Otro punto a tener en cuenta en relación a las motos es la facilidad que ofrecen los comercios para comprar una. Al respecto, el subsecretario precisó que “la venta de motos no debería ser el problema. Se le puede vender una moto al que tiene la plata. El problema tiene que ver con que luego las personas en algunos lugares se le da la licencia a cualquiera, ya no en Resistencia, ya no en Fontana ni en varios municipios donde se toma con responsabilidad la emisión de la licencia. La moto la puede comprar cualquiera pero no la puede manejar cualquiera. Ahí es donde hay que ajustar”.

Además, contó que “el Gobierno está haciendo junto con el financiamiento de la Agencia Nacional de Seguridad Vial una pista de manejo en el autódromo que va a servir para las evaluaciones de idoneidad conductiva que debe aprobar un motociclista para salir a la calle con una moto”.

 

Desde qué edad se debe conducir en Chaco

La ley estable que a los 16 años se puede manejar un ciclomotor que son de 50 cc. y a partir de los 18 años se le puede dar la licencia para conducir una moto de hasta 150 cc. Muchas veces los padres ocupan un rol fundamental en esto porque son quienes autorizan a sus hijos a circular en motos tuneadas con escapes libres, con motores potenciados, sin casco, sin luces, sin espejo, con la moto totalmente desarmada”, sentenció.

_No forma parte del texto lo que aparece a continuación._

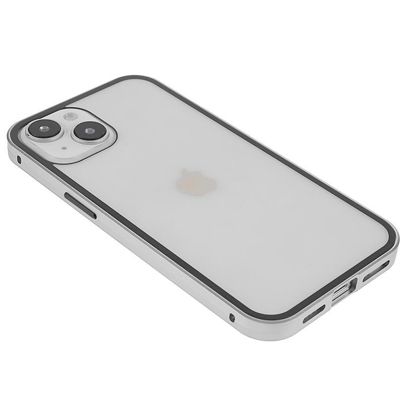 - iPhone 14 case with a metal frame and tempered glass for back and front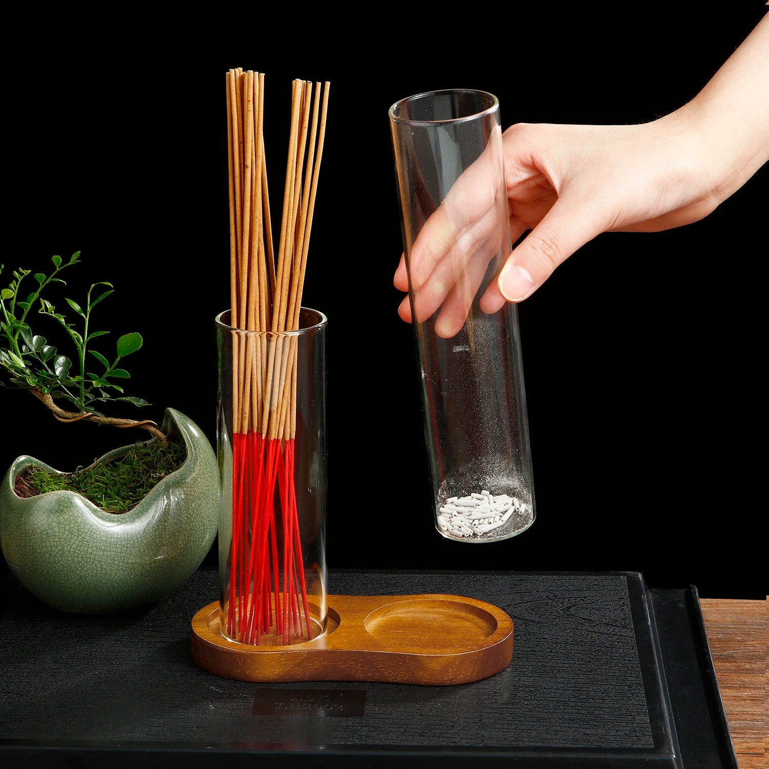 Erleben Sie mit diesem vielseitigen 2 in 1 Räucherstäbchenhalter aus Glas eine einfache und saubere Anwendung. Genießen Sie eine angenehme Atmosphäre ohne störende Ascheflug und profitieren Sie von einem integrierten Organizer für Ihre Räucherstäbchen.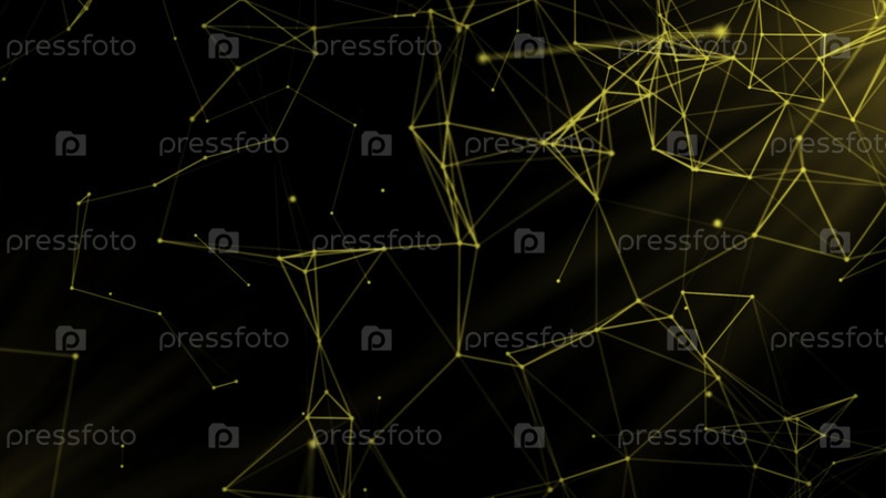 Желтый и серый фон.Движение.Тонкие частицы, которые взаимосвязаны друг с другом, вращаются в абстракции

“El Estado tiene presencia fuerte en rutas, caminos, en los distintos municipios y demás. Pero si el papá permite que el hijo salga de la casa con una moto potenciada, sin tener casco y sin luces, estamos hablando de una responsabilidad compartida. El papá tiene que asumir el rol que le toca y saber decirle que no a su hijo porque no está en juego si usa una remera blanca o una negra, está en juego si vive o muere. Entonces cuando se trata de la vida de nuestros hijos deberíamos tomar la responsabilidad que nos toca como padres”, señaló Domecq.

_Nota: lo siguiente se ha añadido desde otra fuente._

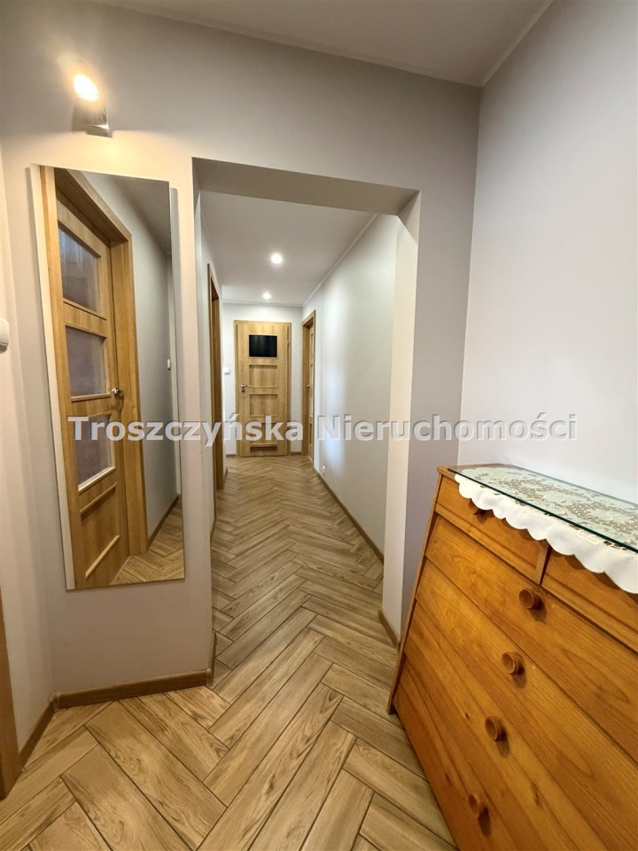 Mieszkanie jest jasne, zadbane i posiada bardzo wygodny układ pomieszczeń. W ostatnich latach wykonano remont przedpokoju, kuchni, łazienki oraz toalety. Zamontowano nowe drzwi, na podłogach znajdują się panele oraz płytki. Do mieszkania przynależy piwnica o powierzchni ok. 4,5 m² oraz duży balkon.

En cuanto a los autos, “a partir de los 18 años se puede obtener la licencia para conducir, aprobando un examen teórico, uno práctico y los exámenes médicos. Esto se hace en los municipios de Resistencia y de Fontana por ahora, próximamente en el municipio de Machagai. Además, cada municipio que va a otorgar la licencia tiene la obligación legal de hacer estos controles. Es responsabilidad de cada área, hay gente que es más responsable que otra. En todos los municipios de la provincia hay integrantes que tienen un compromiso más fuerte que otro. Y esto es lo que inclina la balanza porque hay gente que da la licencia sin tener en cuenta todos estos requisitos”.

 

El transporte público

Por otro lado, se refirió al rol que ocupan los transportes públicos al momento de hablar de seguridad vial. “Hay que reconocer otro problema que es la deficiencia en el transporte público de pasajeros que muchas veces no está a la altura de las circunstancias, hablando a nivel mundial”.

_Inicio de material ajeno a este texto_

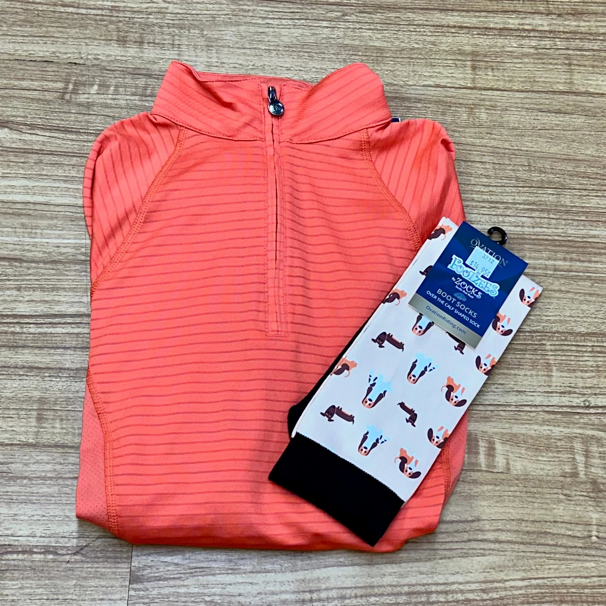 Stay stylish and comfortable in and out of the saddle with our OVATION Riding Bundle – Ladies Sunshirt & Zocks . This curated set includes the Ovation Ladies ¼ Zip Long Sleeve Sunshirt and a pair of Ovation Zocks™, making it the perfect gift for any rider.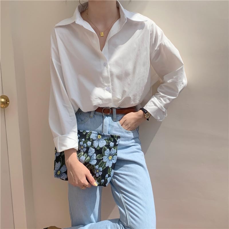 PAZIMIIK Makeup Bag Large Cotton Zipper Pouch for Purse Travel Canvas Make Up Organizer for Women Cosmetic,Brocade Flower Black

“Hay países que tienen excelentes transportes y varias alternativas y hay países como por ejemplo en Latinoamérica en general que no tienen calidad en el transporte de pasajeros”, sentenció.

 

La bicicleta

Domecq también realizó una comparación entre el uso de las bicicletas y de las motos. “La bicicleta tiene menos problemas que la moto. La velocidad es un elemento que en la moto juega y que en la bicicleta no”, expresó.

Los siniestros que ocurrieron con ciclistas fueron generalmente en ruta y porque andaban sin luces. Al detectar eso, implementamos un programa que se llama ‘Iluminate’ en el que proporcionamos un chaleco reflectivo para que circulen en las rutas y un ojo de gato, en algunos casos se les pide que se retiren, que vayan por la banquina y les buscamos un lugar seguro para que puedan transitar y no se los lleven de noche sobre todo”, explicó.

Y contó que “para eso tenemos las patrullas viales en funcionamiento. Nunca se puede medir cuántos siniestros evitamos pero fueron muchísimos, gracias al trabajo de las patrullas viales que incorporó el Gobierno en el 2017. Ahora en el 2018 se volvió a incrementar el número de patrullas viales que hoy están recorriendo rutas y caminos en la provincia”.